In other words: music tech that respects music. Revolutionary, right?


The Snarky But Optimistic Take

Sure, these amps aren’t cheap. You could buy a whole month of groceries—or, you know, one concert ticket on Ticketmaster—for what ARCAM is charging for an A5+. But compared to the nonsense pricing in most of the tech world ($3,500 for a VR headset you use twice, anyone?), $1,200–$2,000 for something that will actually last a decade feels almost… reasonable.

Even better: ARCAM isn’t pretending these are “lifestyle devices” or “AI-powered experiences.” They’re amplifiers. They make your music sound better. That’s it. And in a tech world where every company wants to disrupt your soul, that level of honesty is almost punk rock.
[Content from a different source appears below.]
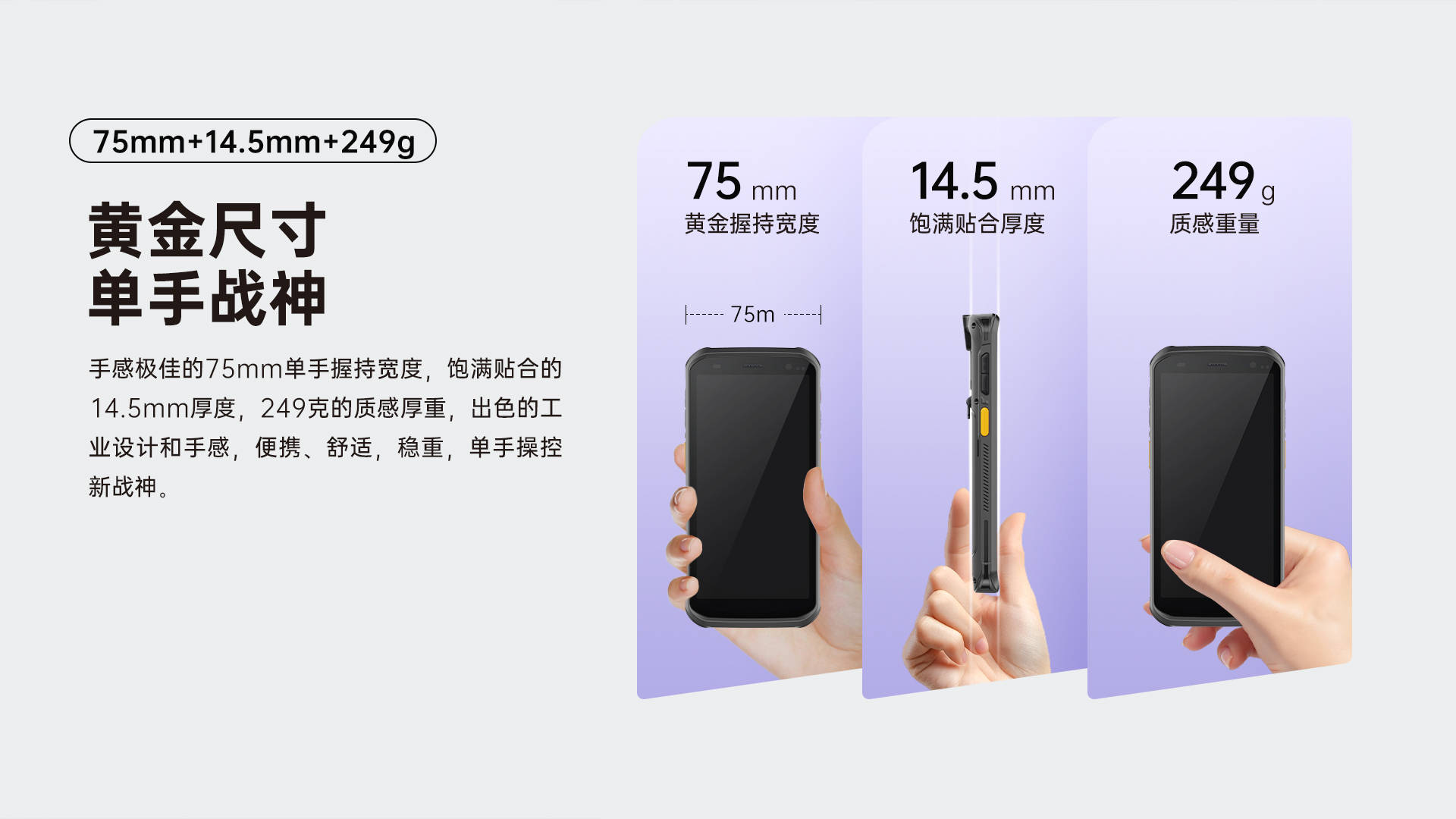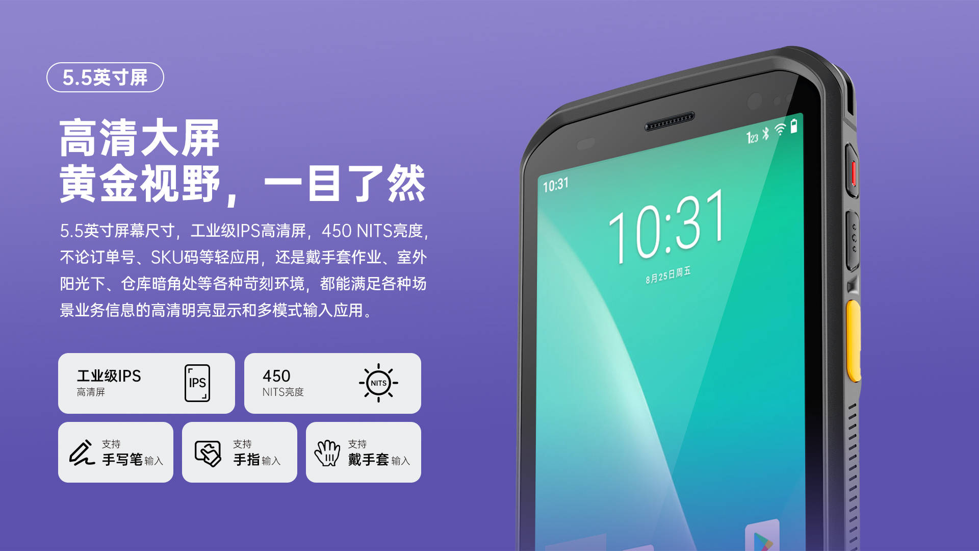 5.5英寸屏幕尺寸,工业级IPS高清屏,450 NITS亮度,不论订单号、SKU码等轻应用,还是戴手套作业、室外阳光下、仓库暗角处等各种苛刻环境,都能满足各种场景业务信息的高清明亮显示和多模式输入应用。
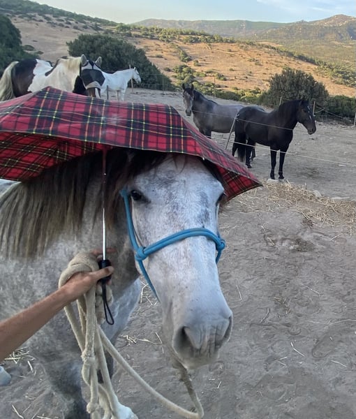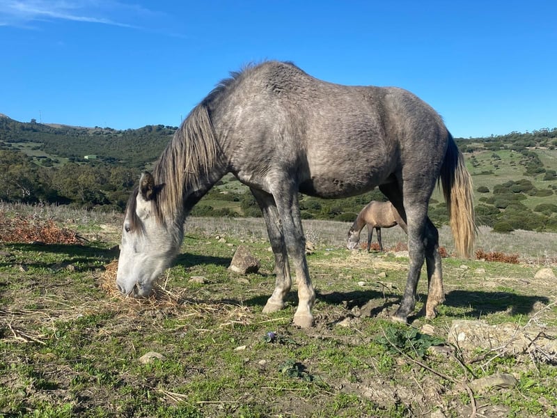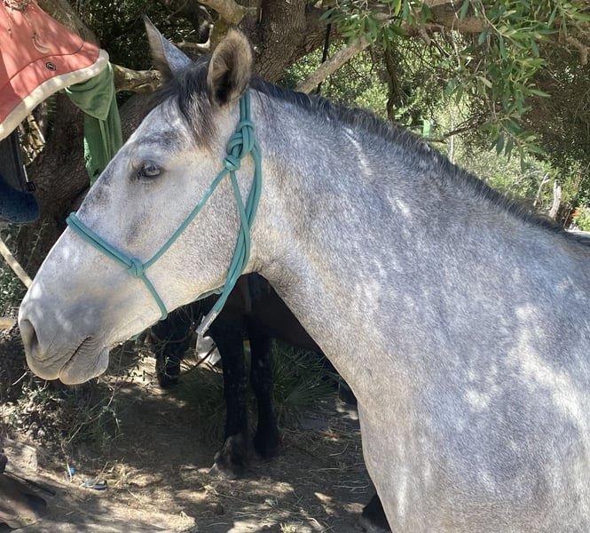 Esta hermosa y muy cariñosa yegua PRE está en venta, ya que voy a quedar demasiado pesado para ella. Lamentablemente, porque es una yegua robusta, pequeña, compacta y de tipo baroque, que aprende muy, muy rápido y será la mejor amiga de alguien, ya que es muy afectuosa y necesita cariño. Cumplirá tres años en marzo. Después de solo dos paseos, ya confiaba plenamente en mí, y tras dos sesiones de manejo con cuerda, ya pude trabajar con ella en libertad. Seguimiento libre, trotar hacia mí, y trotar y caminar en círculo sin cuerda. Todo muy dócil y amigable. También se puede tocar en cualquier parte y no hay problema con el cuidado de los cascos. El galope es con rebote. Es adecuada para jinetes ligeros o niños muy cariñosos. No es apta para reproducción, ya que sufrió un edema en la ubre debido a una garrapata. Actualmente vive con su media hermana y cuatro machos en un paddock de 5 hectáreas con pasto.

So yes, I’ll snark about transformer windings and power supply impedance. But I’ll also admit: the ARCAM A5+, A15+, and A25+ are a reminder that music tech can still be exciting without being absurd. And that’s something worth turning up the volume on.


Final Note

The ARCAM Radia+ amplifiers make their U.S. debut at CEDIA Expo 2025 in Denver, Booth #2512 and will ship in early Q4. By then, we’ll probably have five new social networks and three new AI models that claim to “reinvent music discovery.” But these amps? They’ll still just be sitting there, doing the one thing that never goes out of style: making your music sound damn good.

Because sometimes the most radical move in music tech is to keep it simple—and make it sound better.